* Task item *
Retype the whole listing verbatim and keep the pictures out of it.

* Data section *
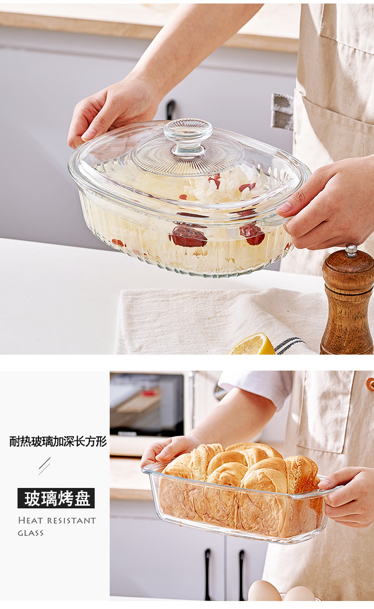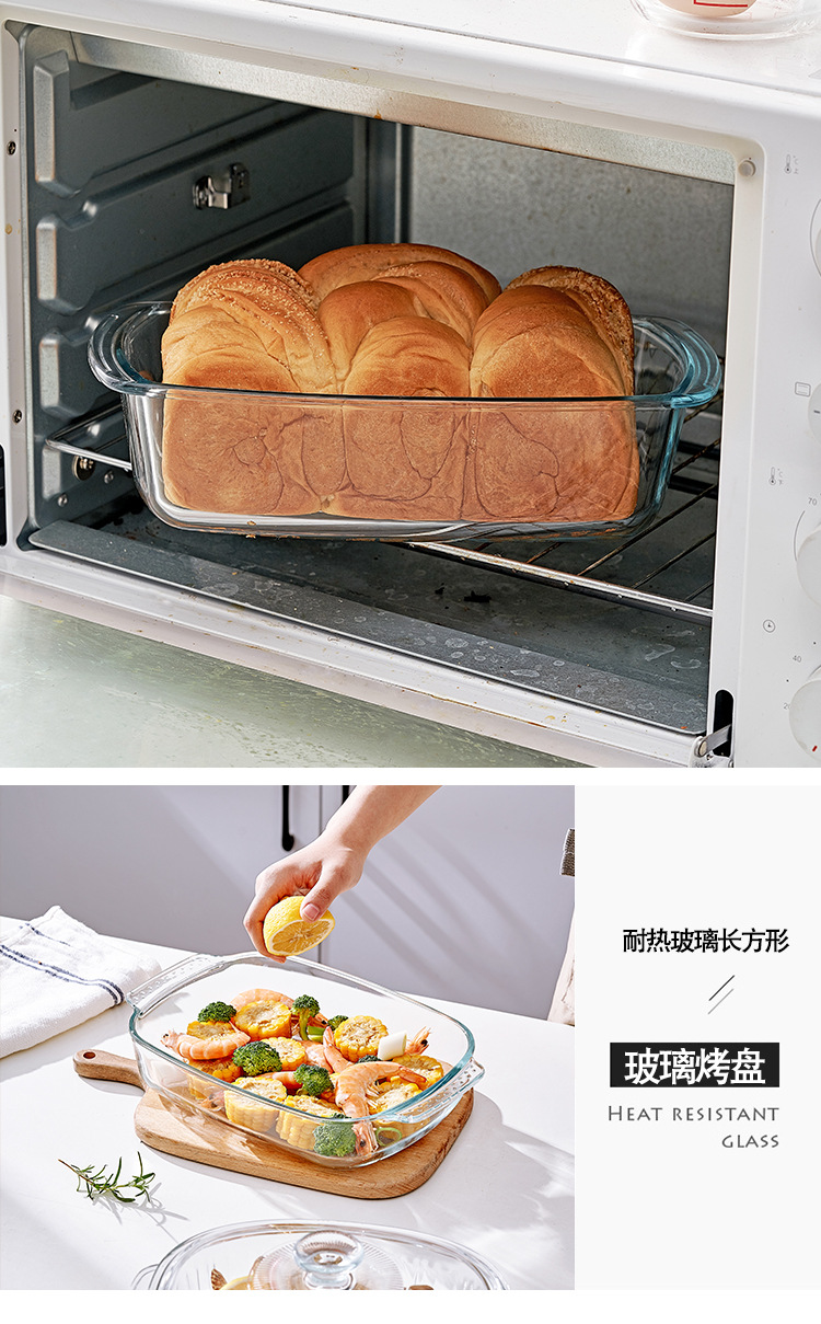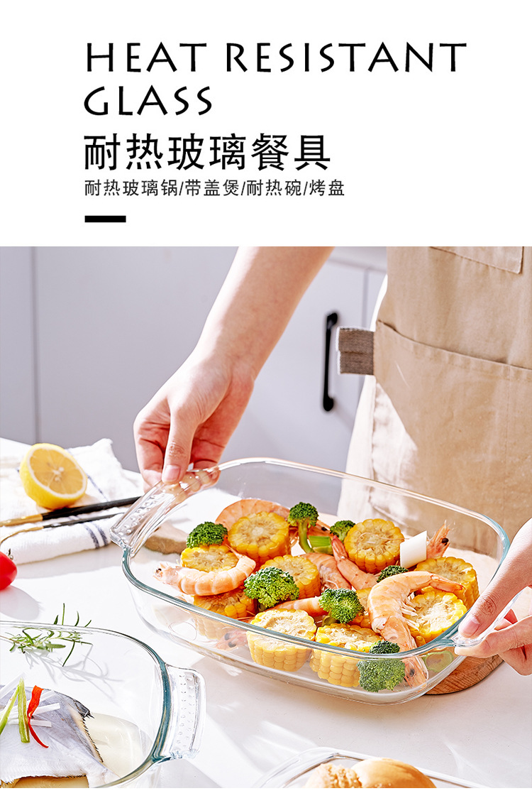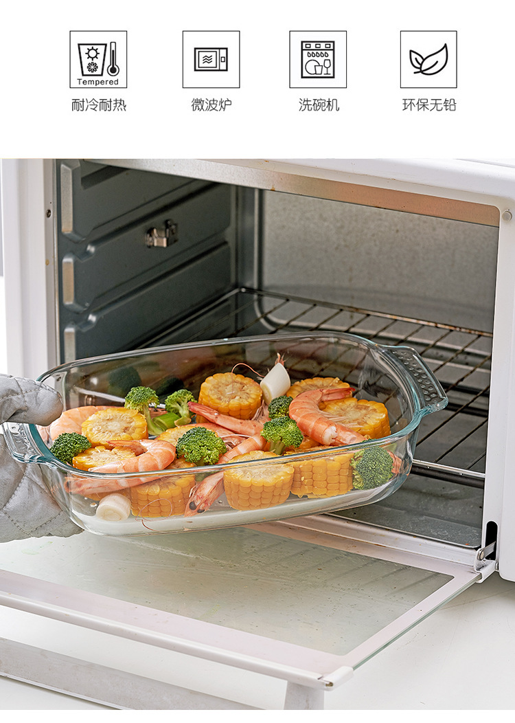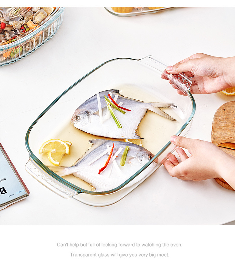 유리 베이킹 팬 가정용 전자레인지 전용 직사각형 용기 접시 생선구이 접시 고온 내성 유리
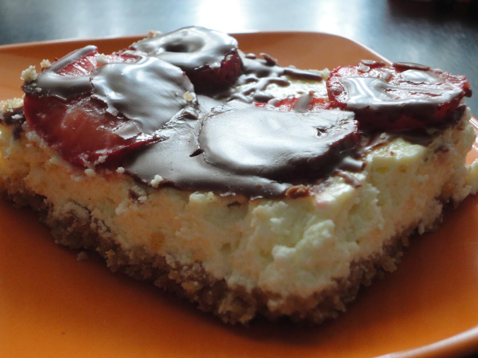 Kúpené keksy rozdrvíme, zmiešame s roztopeným maslom a vložíme na dno košíčkov. Sladkú bielu zmes vytvoríme rozmixovaním tvarohu s vanilkovým cukrom, smotanou a štipkou oleja. Po prvom premiešaní pridáme ešte smotanu, vajcia, trochu soli, zlatý klas, práškový cukor a znova pomixujeme. Zmes rozlejeme do košíčkov a dáme piecť na približne pol hodinu do rúry zohriatej na 130°C. Pokým sa košíky upečú, roztopíme si čokoládu so zvyškom smotany. Na záver ňou košíky polejeme a dozdobíme kúskami jahôd. Tento dezert vyzerá naozaj dobre.
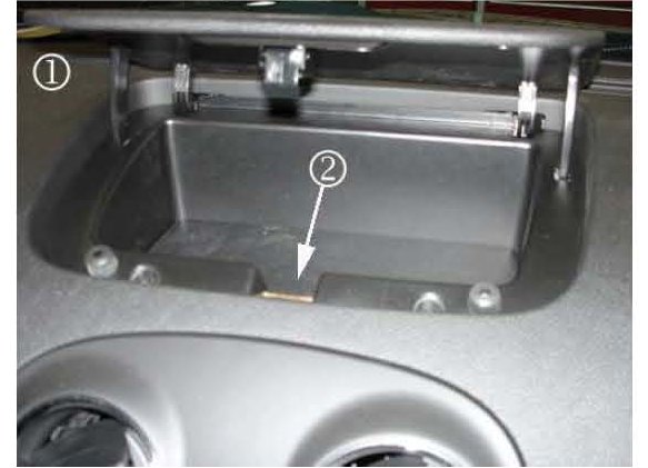 1. Locate and open the instrument panel storage bin (1).
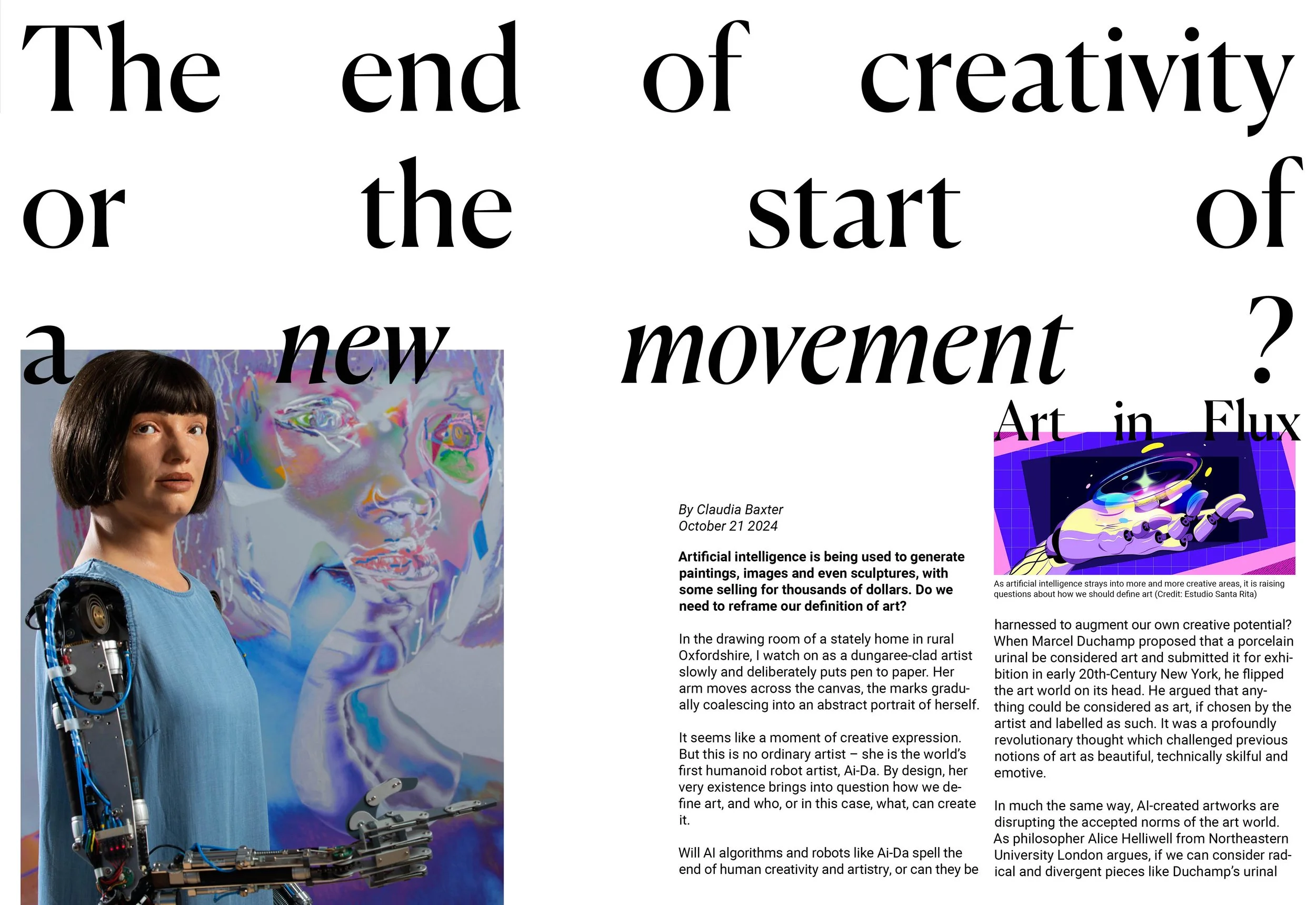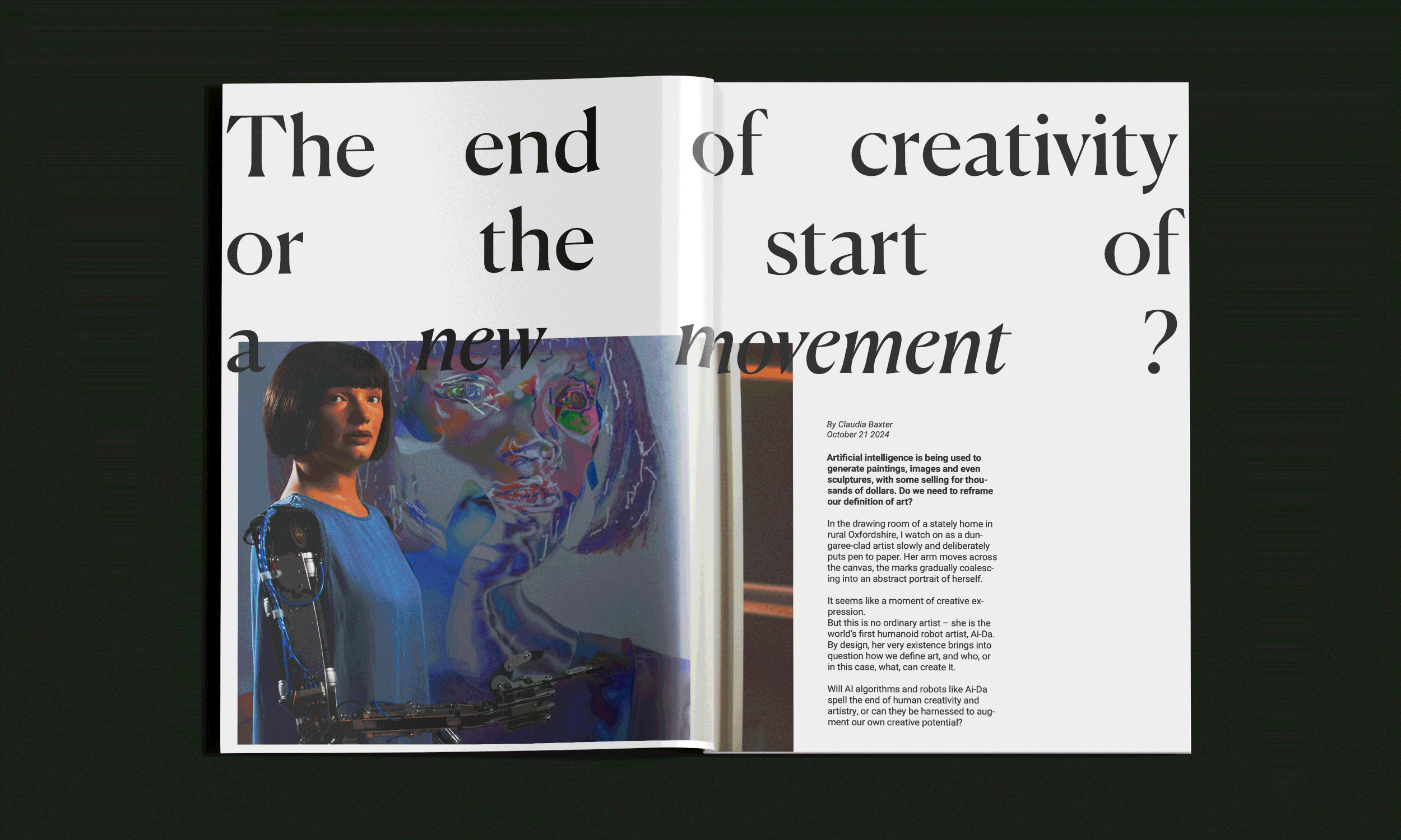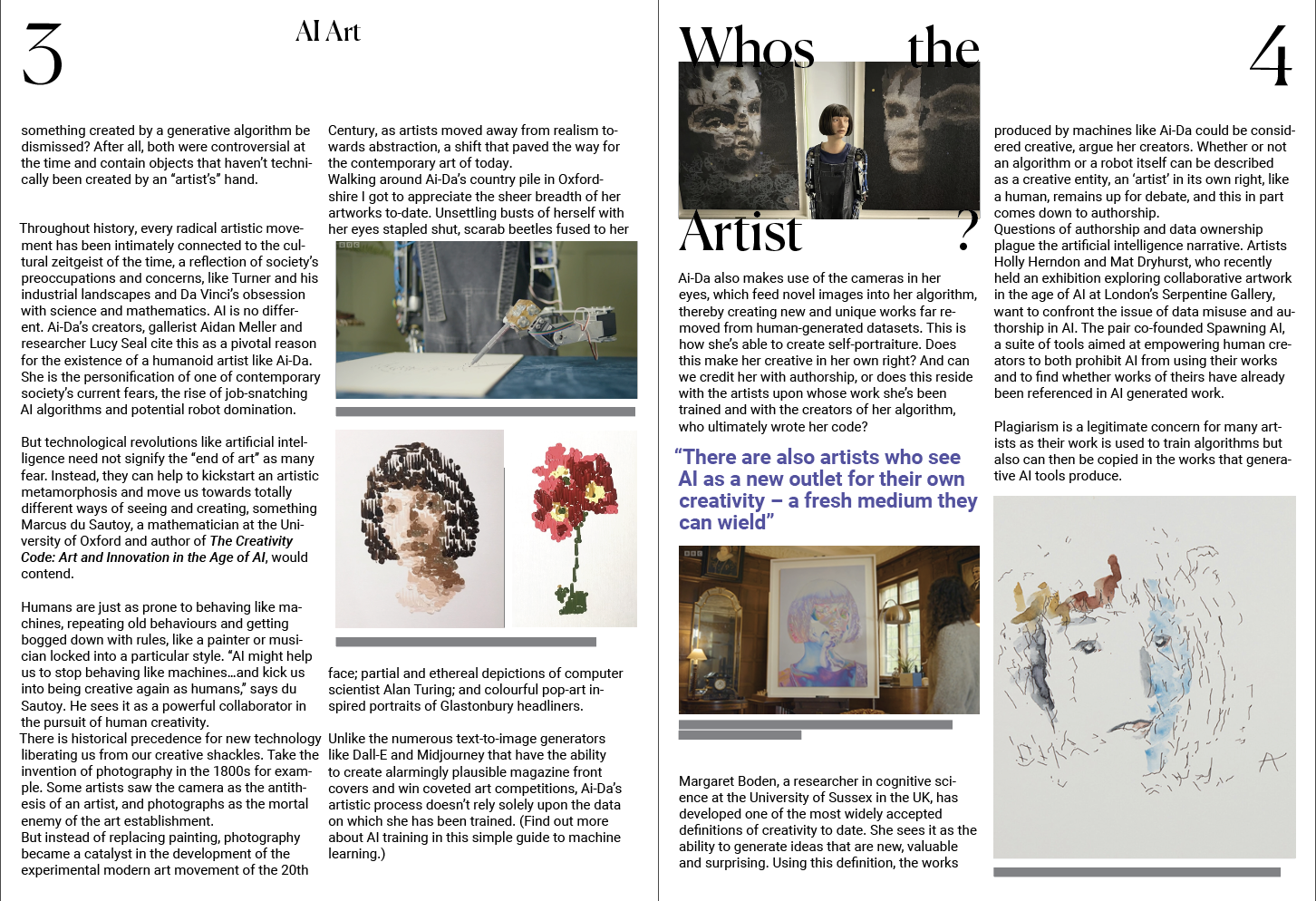 In this exercise I created an editorial layout for an article about a robot artist. The images are blurred and on top is an AI prompt that explains the image. I also places images/ideation of other spread ideas to get a sense of my process for the spreads.

* Written response *
 유리 베이킹 팬 가정용 전자레인지 전용 직사각형 용기 접시 생선구이 접시 고온 내성 유리
 Kúpené keksy rozdrvíme, zmiešame s roztopeným maslom a vložíme na dno košíčkov. Sladkú bielu zmes vytvoríme rozmixovaním tvarohu s vanilkovým cukrom, smotanou a štipkou oleja. Po prvom premiešaní pridáme ešte smotanu, vajcia, trochu soli, zlatý klas, práškový cukor a znova pomixujeme. Zmes rozlejeme do košíčkov a dáme piecť na približne pol hodinu do rúry zohriatej na 130°C. Pokým sa košíky upečú, roztopíme si čokoládu so zvyškom smotany. Na záver ňou košíky polejeme a dozdobíme kúskami jahôd. Tento dezert vyzerá naozaj dobre.
 1. Locate and open the instrument panel storage bin (1).
 In this exercise I created an editorial layout for an article about a robot artist. The images are blurred and on top is an AI prompt that explains the image. I also places images/ideation of other spread ideas to get a sense of my process for the spreads.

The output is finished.